El fanatismo es particularmente propio de las gentes cultas, porque la cultura de un hombre está en relación con el interés que toma en las cosas del Espíritu, y este interés espiritual, si es fuerte y vivaz, no es ni puede ser más que fanatismo; es un interés fanático por lo que es sagrado (fanum).

Observad a vuestros liberales, leed nuestros diarios sajones, y escuchad lo que dice Schlosser. La sociedad de Holbach urdió un complot formal contra la doctrina tradicional y el orden establecido, y sus miembros ponían en su incredulidad tanto fanatismo, como frailes y curas, jesuitas, pietistas y metodistas tienen costumbre de poner al servicio de su piedad inconsciente y mecánica de su fe literal.

Examinad la manera como se conduce hoy un hombre moral que cree haber acabado con Dios, y que rechaza el cristianismo como un pingajo.

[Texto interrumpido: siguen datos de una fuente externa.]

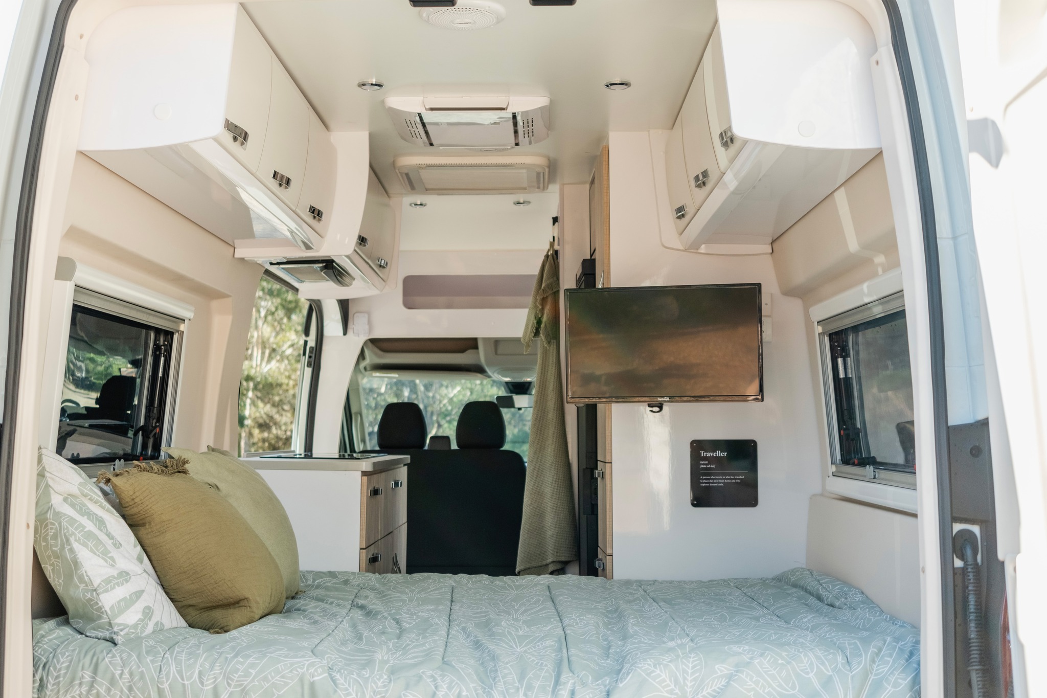 Interior of the Horizon Boronia camper van showing the kitchen area and bed in the background.

Preguntadle si alguna vez se le ha ocurrido poner en duda que las relaciones carnales entre hermano y hermana sean incesto, que la monogamia sea la verdadera ley del matrimonio, que la piedad sea un deber sagrado, etc. Le veréis sobrecogido de un virtuoso horror a la idea de que pudiese tratar a su hermana como mujer, etc. ¿Y de dónde le viene ese horror? De que cree en una ley moral. Esta fe está sólidamente anclada en él. Cualquiera que sea la vivacidad con que se subleva contra la piedad de los cristianos, él es igualmente cristiano en cuanto a la moralidad. Por su lado moral, el cristianismo lo tiene encadenado, y encadenado en la fe. La monogamia debe ser algo sagrado, y el bígamo será castigado como un criminal; el que se entregue al incesto, cargará con el peso de su crimen. Y esto se aplica también a los que no cesan de gritar que la religión no tiene nada que ver con el Estado, que judío y cristiano son igualmente ciudadanos. Incesto, monogamia, ¿no son otros tantos dogmas? Tratad de rozarlo y experimentaréis que hay en este hombre moral el poso de un inquisidor que envidiarían Krummacher o Felipe II. Éstos defendían la autoridad religiosa de la Iglesia, él defiende la autoridad moral del Estado, las leyes morales sobre las que el Estado reposa; el uno como el otro condenan en nombre de artículos de fe: a cualquiera que obre de modo que se resienta su fe, se le infringirá la deshonra debida a su crimen y se le enviará a pudrirse en una casa de corrección, en el fondo de un calabozo. La creencia moral no es menos fanática que la religiosa. ¿Y se llama libertad de conciencia a que un hermano y una hermana sean arrojados a una prisión en nombre de un principio que su conciencia había rechazado? -¡Pero daban un ejemplo detestable!- Cierto que sí, porque podía suceder que otros advirtieran, gracias a ellos, que el Estado no tiene que mezclarse en sus relaciones, ¿y qué sería de la pureza de las costumbres? ¡Santidad divina!, gritan los celosos defensores de la fe. ¡Virtud sagrada!, gritan los apóstoles de la moral.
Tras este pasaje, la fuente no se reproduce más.